- What the task requires -
In the material below, pictures must be dropped. Repeat exactly, and only, the lines from the line with "- 스타벅스 캘린더: 인테리어와" to the line with "Darüber hinaus berichtet", both ends included.

- Task material -

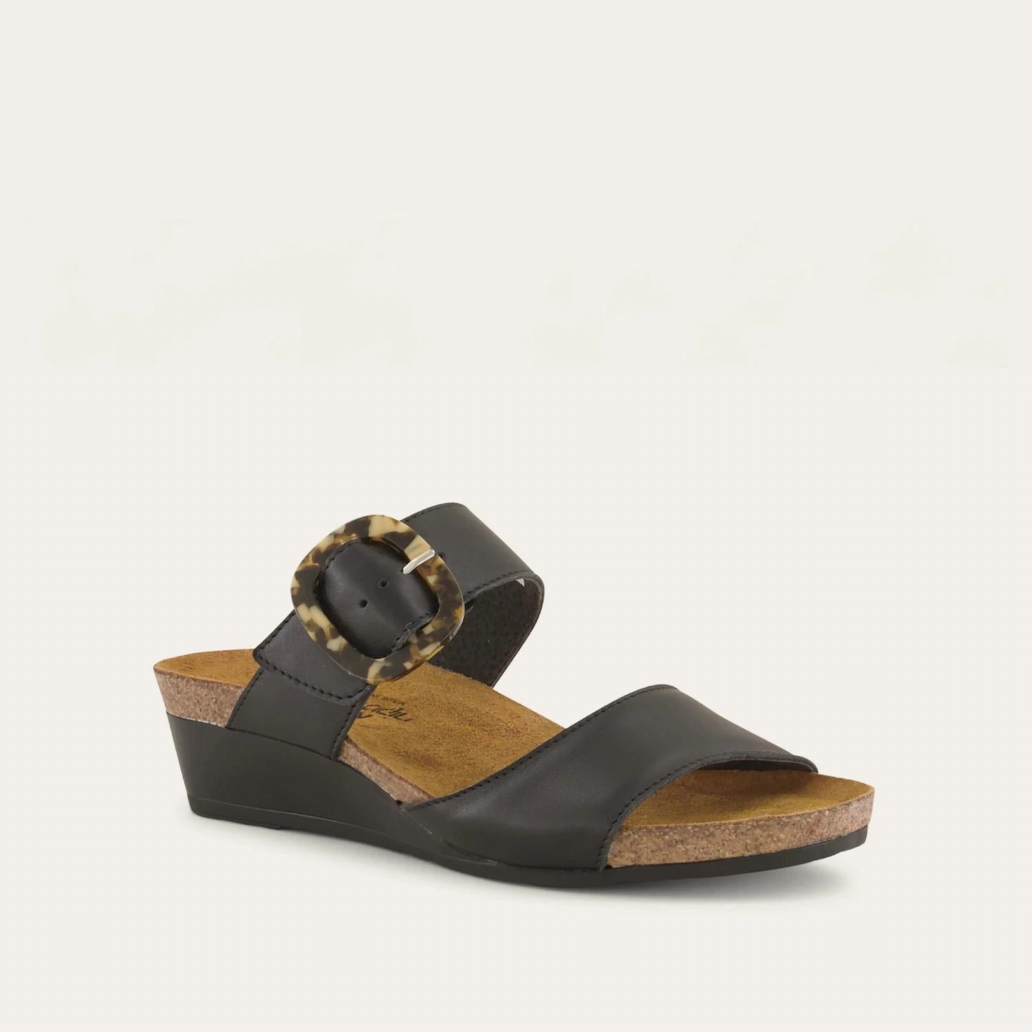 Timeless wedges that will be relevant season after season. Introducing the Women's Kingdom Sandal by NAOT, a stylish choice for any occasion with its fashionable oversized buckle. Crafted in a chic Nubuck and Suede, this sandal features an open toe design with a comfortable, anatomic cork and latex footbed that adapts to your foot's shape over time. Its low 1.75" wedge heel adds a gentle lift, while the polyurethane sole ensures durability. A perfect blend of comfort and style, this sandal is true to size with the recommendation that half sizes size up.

==

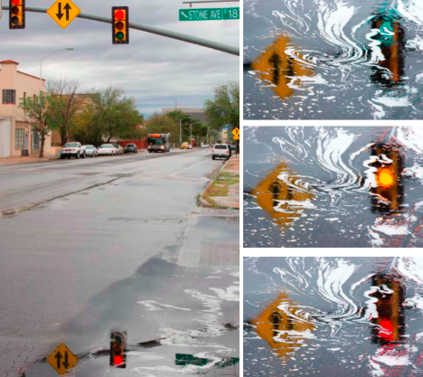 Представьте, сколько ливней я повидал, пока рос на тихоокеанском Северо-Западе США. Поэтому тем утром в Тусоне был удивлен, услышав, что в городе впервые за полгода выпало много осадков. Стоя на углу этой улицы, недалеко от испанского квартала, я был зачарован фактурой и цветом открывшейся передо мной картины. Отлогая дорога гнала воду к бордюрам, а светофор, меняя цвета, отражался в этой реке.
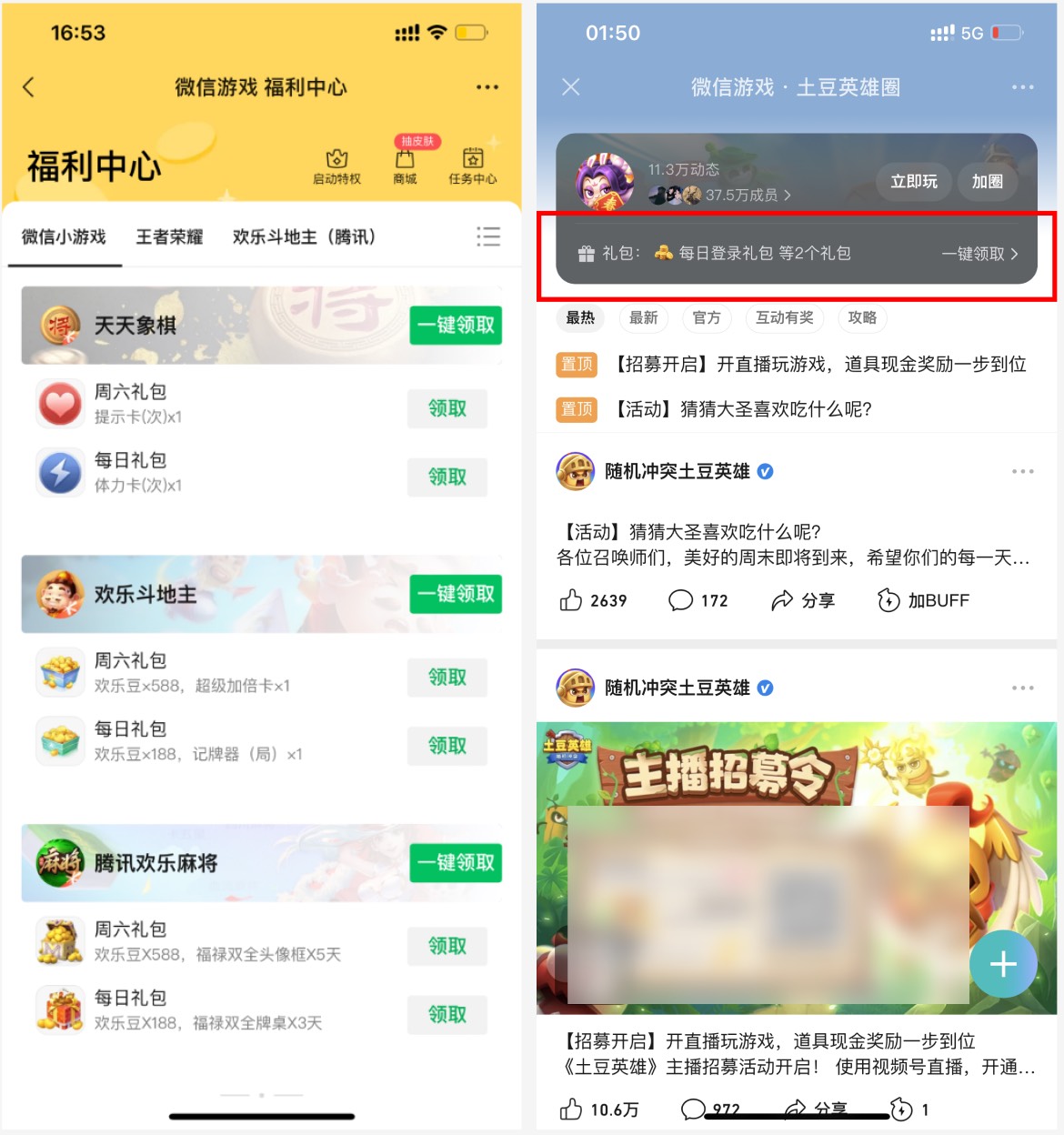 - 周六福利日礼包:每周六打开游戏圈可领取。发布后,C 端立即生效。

==

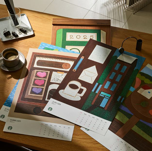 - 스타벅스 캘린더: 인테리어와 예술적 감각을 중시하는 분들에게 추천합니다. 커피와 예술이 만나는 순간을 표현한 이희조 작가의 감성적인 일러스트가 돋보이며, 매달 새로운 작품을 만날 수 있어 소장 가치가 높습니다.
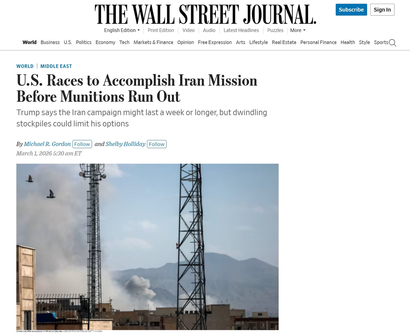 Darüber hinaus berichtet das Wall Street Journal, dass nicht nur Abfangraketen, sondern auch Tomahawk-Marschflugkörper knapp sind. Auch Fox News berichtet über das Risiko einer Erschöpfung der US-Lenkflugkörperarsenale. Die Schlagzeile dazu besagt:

- Task output -
 - 스타벅스 캘린더: 인테리어와 예술적 감각을 중시하는 분들에게 추천합니다. 커피와 예술이 만나는 순간을 표현한 이희조 작가의 감성적인 일러스트가 돋보이며, 매달 새로운 작품을 만날 수 있어 소장 가치가 높습니다.
 Darüber hinaus berichtet das Wall Street Journal, dass nicht nur Abfangraketen, sondern auch Tomahawk-Marschflugkörper knapp sind. Auch Fox News berichtet über das Risiko einer Erschöpfung der US-Lenkflugkörperarsenale. Die Schlagzeile dazu besagt:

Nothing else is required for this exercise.